Then I don't understand what you mean. Like having train_seq_ordering, eval_seq_ordering etc. as global parameters? It's true that sequence ordering can be applied in the data pipeline independently from a given dataset instance. I guess that is what you have in mind? But sometimes you want to have it specific to the data. E.g. if sequence lengths in one dataset are similar, in the other one not, then you might want to use "random" and "laplace" ordering, respectively. (Maybe calculating the length is costly.)

And for meta-datasets, e.g. CombinedDataset, having control over the ordering in each subdataset individually makes it very flexible. A simple example would be, if you do "random" shuffling on CombinedDataset level you don't need shuffling of the subdatasets, i.e. use "default". How would you configure that with global parameters?

albertz commented 3 years ago

You can easily have different options for train/dev/eval.

Then I don't understand what you mean. Like having train_seq_ordering, eval_seq_ordering etc. as global parameters?

Yes, just like we already have it (but with different names). batching is only for training (i.e. like train_seq_ordering). For all eval datasets (dev/eval), the default logic of Dataset.get_default_kwargs_eval will be applied.

It's true that sequence ordering can be applied in the data pipeline independently from a given dataset instance. I guess that is what you have in mind?

Yes. I'm speaking explicitly independent of how we internally have it implemented also. We should think about what makes sense logically. What is easier for the user. What is easier to understand, more straight-forward.

But sometimes you want to have it specific to the data.
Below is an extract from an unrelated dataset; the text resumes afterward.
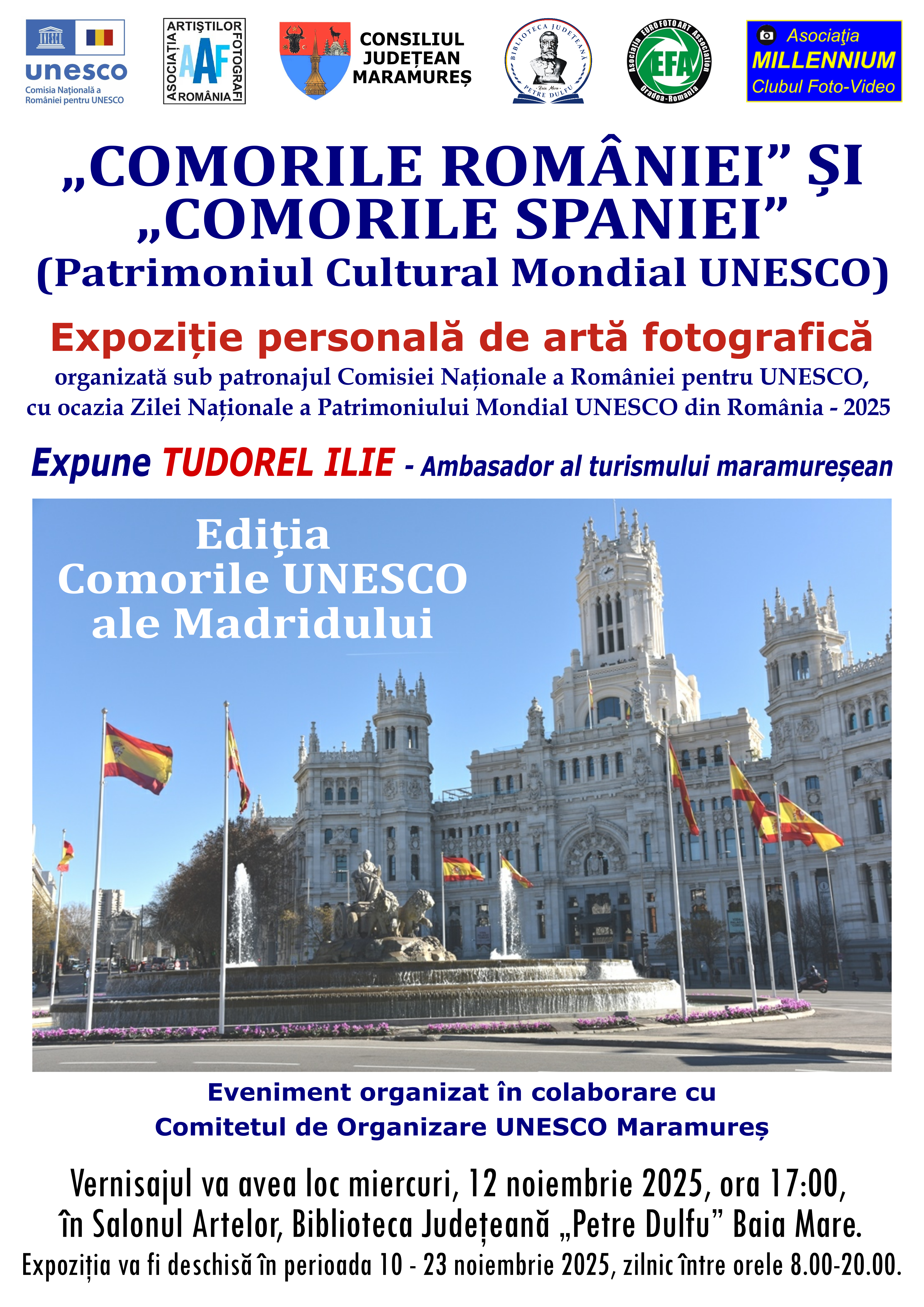 Articol publicat pe 11-11-2025Biblioteca Județeană „Petre Dulfu” din Baia Mare va găzdui, miercuri, 12 noiembrie 2025, ora 17.00, vernisajul expoziției „Comorile României” și „Comorile Spaniei” – ediția „Comorile UNESCO ale Madridului”, eveniment organizat sub patronajul Comisiei Naționale a României pentru UNESCO (CNR-UNESCO). Manifestarea are loc cu prilejul Zilei Naționale a Patrimoniului Mondial UNESCO din România, sărbătorită anual la data de 16 noiembrie, și este realizată în colaborare cu Comitetul de Organizare UNESCO pentru monumentele istorice din județul Maramureș – coordonat de lect. univ. dr. Natalia Lazăr, Universitatea Tehnică Cluj-Napoca, Centrul Universitar Nord Baia Mare.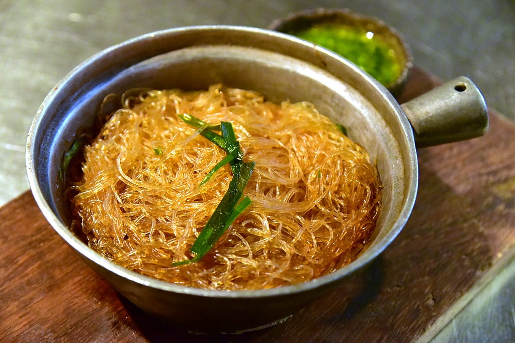 7. Clay Pot Baked Glass Noodles Tamworth Belly & Brown Crab Meat (6.75 GBP) – วุ้นเส้นอบมันหมูและเนื้อปูที่หอมอบอวลมากๆ ตัวเส้นนี่สุกแบบกำลังดีมากๆ รสชาติจะออกหวานๆ ตัวซอสรสเปรี้ยวๆเข้ากันได้ดี

E.g. if sequence lengths in one dataset are similar, in the other one not, then you might want to use "random" and "laplace" ordering, respectively. (Maybe calculating the length is costly.)

I don't understand what you mean? You configure batching = "random" or batching = "laplace" then? What's the problem in that?
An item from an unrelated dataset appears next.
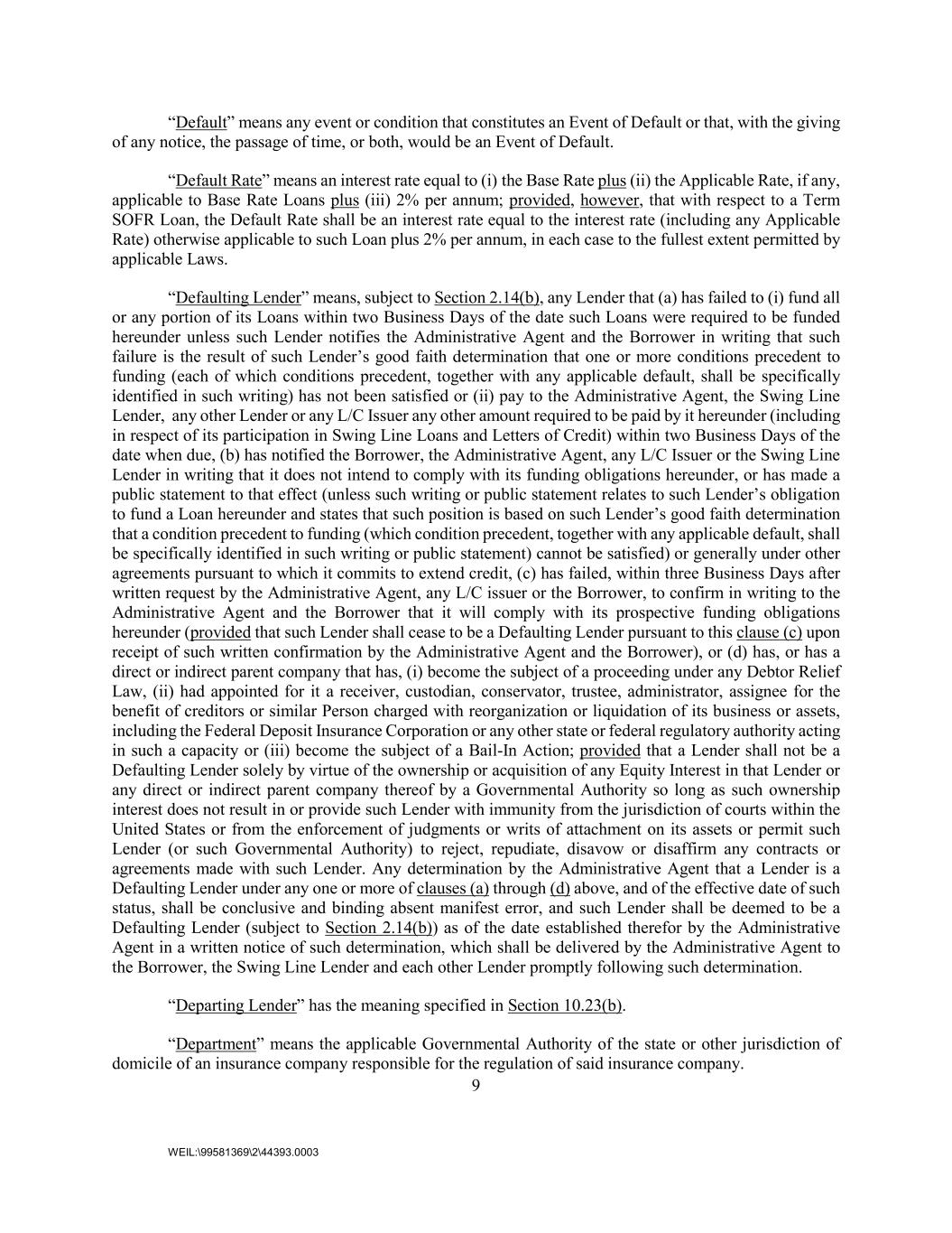 9 WEIL:\99581369\2\44393.0003 “Default” means any event or condition that constitutes an Event of Default or that, with the giving of any notice, the passage of time, or both, would be an Event of Default. “Default Rate” means an interest rate equal to (i) the Base Rate plus (ii) the Applicable Rate, if any, applicable to Base Rate Loans plus (iii) 2% per annum; provided, however, that with respect to a Term SOFR Loan, the Default Rate shall be an interest rate equal to the interest rate (including any Applicable Rate) otherwise applicable to such Loan plus 2% per annum, in each case to the fullest extent permitted by applicable Laws. “Defaulting Lender” means, subject to Section 2.14(b), any Lender that (a) has failed to (i) fund all or any portion of its Loans within two Business Days of the date such Loans were required to be funded hereunder unless such Lender notifies the Administrative Agent and the Borrower in writing that such failure is the result of such Lender’s good faith determination that one or more conditions precedent to funding (each of which conditions precedent, together with any applicable default, shall be specifically identified in such writing) has not been satisfied or (ii) pay to the Administrative Agent, the Swing Line Lender, any other Lender or any L/C Issuer any other amount required to be paid by it hereunder (including in respect of its participation in Swing Line Loans and Letters of Credit) within two Business Days of the date when due, (b) has notified the Borrower, the Administrative Agent, any L/C Issuer or the Swing Line Lender in writing that it does not intend to comply with its funding obligations hereunder, or has made a public statement to that effect (unless such writing or public statement relates to such Lender’s obligation to fund a Loan hereunder and states that such position is based on such Lender’s good faith determination that a condition precedent to funding (which condition precedent, together with any applicable default, shall be specifically identified in such writing or public statement) cannot be satisfied) or generally under other agreements pursuant to which it commits to extend credit, (c) has failed, within three Business Days after written request by the Administrative Agent, any L/C issuer or the Borrower, to confirm in writing to the Administrative Agent and the Borrower that it will comply with its prospective funding obligations hereunder (provided that such Lender shall cease to be a Defaulting Lender pursuant to this clause (c) upon receipt of such written confirmation by the Administrative Agent and the Borrower), or (d) has, or has a direct or indirect parent company that has, (i) become the subject of a proceeding under any Debtor Relief Law, (ii) had appointed for it a receiver, custodian, conservator, trustee, administrator, assignee for the benefit of creditors or similar Person charged with reorganization or liquidation of its business or assets, including the Federal Deposit Insurance Corporation or any other state or federal regulatory authority acting in such a capacity or (iii) become the subject of a Bail-In Action; provided that a Lender shall not be a Defaulting Lender solely by virtue of the ownership or acquisition of any Equity Interest in that Lender or any direct or indirect parent company thereof by a Governmental Authority so long as such ownership interest does not result in or provide such Lender with immunity from the jurisdiction of courts within the United States or from the enforcement of judgments or writs of attachment on its assets or permit such Lender (or such Governmental Authority) to reject, repudiate, disavow or disaffirm any contracts or agreements made with such Lender. Any determination by the Administrative Agent that a Lender is a Defaulting Lender under any one or more of clauses (a) through (d) above, and of the effective date of such status, shall be conclusive and binding absent manifest error, and such Lender shall be deemed to be a Defaulting Lender (subject to Section 2.14(b)) as of the date established therefor by the Administrative Agent in a written notice of such determination, which shall be delivered by the Administrative Agent to the Borrower, the Swing Line Lender and each other Lender promptly following such determination. “Departing Lender” has the meaning specified in Section 10.23(b). “Department” means the applicable Governmental Authority of the state or other jurisdiction of domicile of an insurance company responsible for the regulation of said insurance company.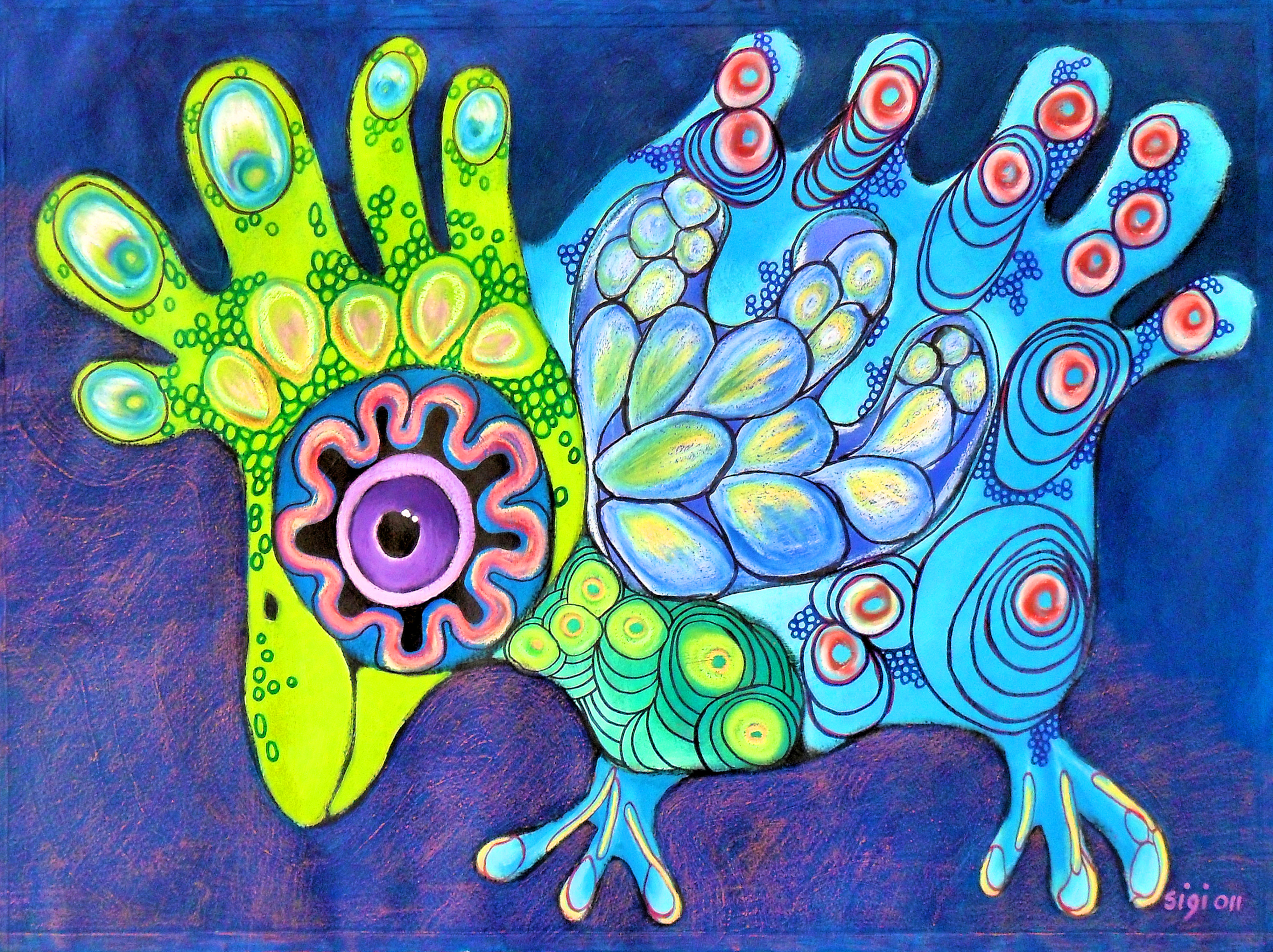 Sigi is mijn schildersnaam en ik schilder de laatste jaren vooral vogels. In allerlei vormen, maten, kleuren. Ik zet mij niet vast op 1 techniek, wil alles uitproberen en doen. Als ik maar kan creeëren in alle vrijheid.

I'm just arguing/discussing on the question here whether this should be an option to the dataset (in the train/dev dict in the config), or a separate option. Nothing else.

And for meta-datasets, e.g. CombinedDataset, having control over the ordering in each subdataset individually makes it very flexible. A simple example would be, if you do "random" shuffling on CombinedDataset level you don't need shuffling of the subdatasets, i.e. use "default". How would you configure that with global parameters?
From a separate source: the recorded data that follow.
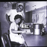 Lab technicians Art Busacker and Pat Hankins log in a shipment of blood at Magic Valley Memorial Hospital. Some bottles of blood are sitting on the counter, and the labels read "A Positive," "O," and "Citrated Whole Blood (Human)." Several diagrams and forms hang on a bulletin board above the counter, and above the bulletin board are some cupboards.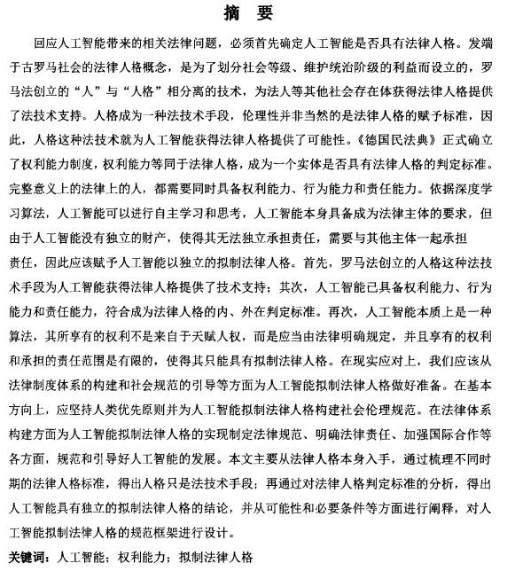 回应人工智能带来的相关法律问题,必须首先确定人工智能是否具有法律人格。发端 于古罗马社会的法律人格概念,是为了划分社会等级、维护统治阶级的利益而设立的,罗 马法创立的“人”与“人格”相分离的技术,为法人等其他社会存在体获得法律人格提供 了法技术支持。人格成为一种法技术手段,伦理性并非当然的是法律人格的赋予标准,因 此,人格这种法技术就为人工智能获得法律人格提供了可能性。《德国民法典》正式确立 了权利能力制度,权利能力等同于法律人格,成为一个实体是否具有法律人格的判定标准。 完整意义上的法律上的人,都需要同时具备权利能力、行为能力和责任能力。依据深度学 习算法,人工智能可以进行自主学习和思考,人工智能本身具备成为法律主体的要求,但 由于人工智能没有独立的财产,使得其无法独立承担责任,需要与其他主体一起承担 责任,因此应该赋予人工智能以独立的拟制法律人格。首先,罗马法创立的人格这种法技 术手段为人工智能获得法律人格提供了技术支持;其次,人工智能己具备权利能力、行为 能力和责任能力,符合成为法律人格的内、外在判定标准。再次,人工智能本质上是一种 算法,其所享有的权利不是来自于天赋人权,而是应当由法律明确规定,并且享有的权利 和承担的责任范围是有限的,使得其只能具有拟制法律人格。在现实应对上,我们应该从 法律制度体系的构建和社会规范的引导等方面为人工智能拟制法律人格做好准备。在基本 方向上,应坚持人类优先原则并为人工智能拟制法律人格构建社会伦理规范。在法律体系 构建方面为人工智能拟制法律人格的实现制定法律规范、明确法律责任、加强国际合作等 各方面,规范和引导好人工智能的发展。本文主要从法律人格本身入手,通过梳理不同时 期的法律人格标准,得出人格只是法技术手段;再通过对法律人格判定标准的分析,得出 人工智能具有独立的拟制法律人格的结论,并从可能性和必要条件等方面进行阐释,对人 工智能拟制法律人格的规范框架进行设计。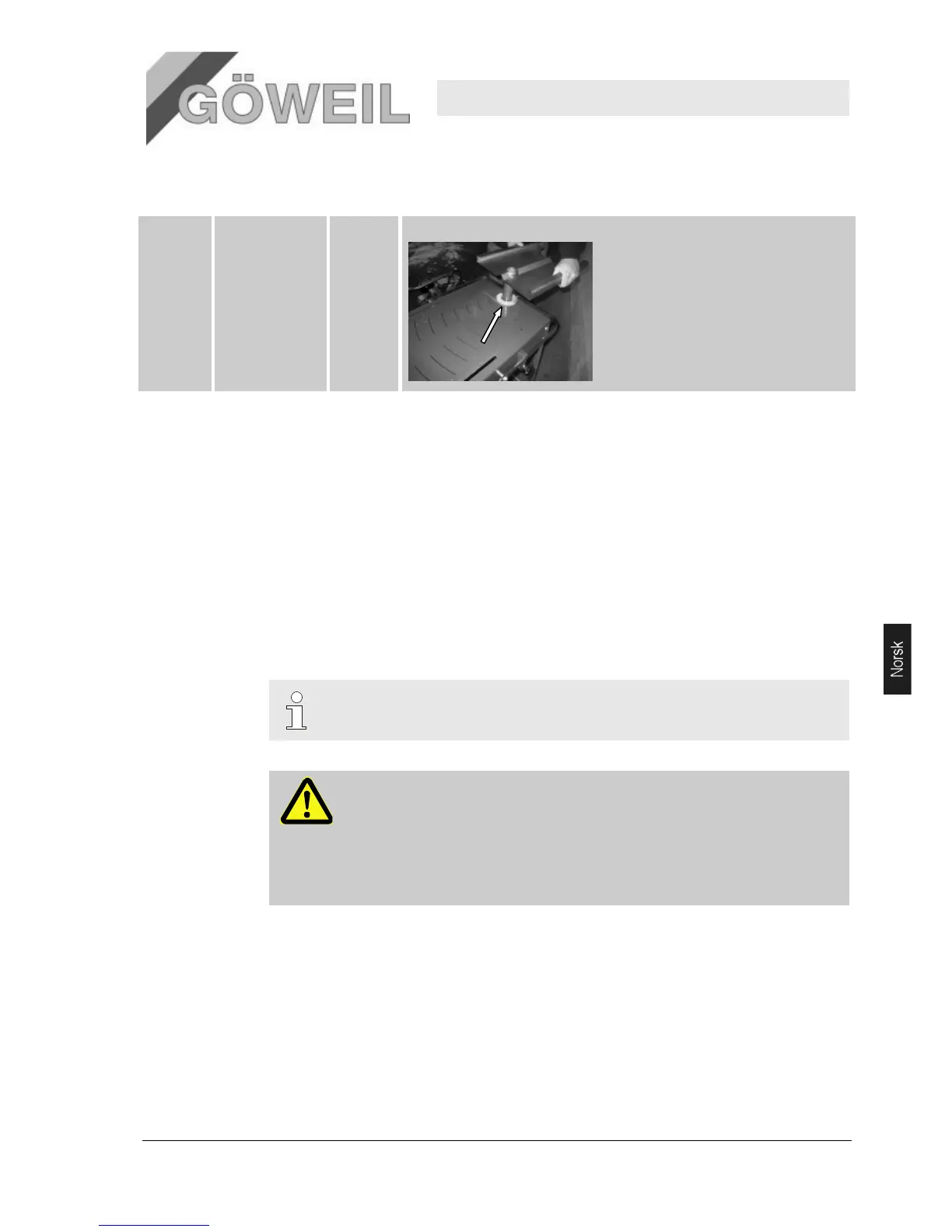 1. Alle tidligere løste skruforbindelser kontrolleres at de sitter godt fast.

But this discussion here is not about that. Technically, the global batching (or train_seq_ordering) is only applied to the main dataset (CombinedDataset), not to each sub datasets. This is already the case now. CombinedDataset just has:

self.datasets = {key: init_dataset(datasets[key]) for key in self.dataset_keys}

And init_dataset will ignore the global batching option.

Also, ignore the technical details of the current implementation. We can change anything we want. So the question just becomes, how it should be (and whether that make sense, or is technically possible -- maybe we are overlooking some things).

JackTemaki commented 3 years ago

I'm just arguing/discussing on the question here whether this should be an option to the dataset (in the train/dev dict in the config), or a separate option. Nothing else.

I vote against a separate option (named train_seq_ordering, other names would not make sense)

albertz commented 3 years ago

I'm just arguing/discussing on the question here whether this should be an option to the dataset (in the train/dev dict in the config), or a separate option. Nothing else.

I vote against a separate option (named train_seq_ordering, other names would not make sense)

So, to clarify: Seq ordering should be coupled to the dataset? But chunking should not be coupled to the dataset? (#376).

JackTemaki commented 3 years ago

I'm just arguing/discussing on the question here whether this should be an option to the dataset (in the train/dev dict in the config), or a separate option. Nothing else.

I vote against a separate option (named train_seq_ordering, other names would not make sense)

So, to clarify: Seq ordering should be coupled to the dataset? But chunking should not be coupled to the dataset? (#376).

Correct.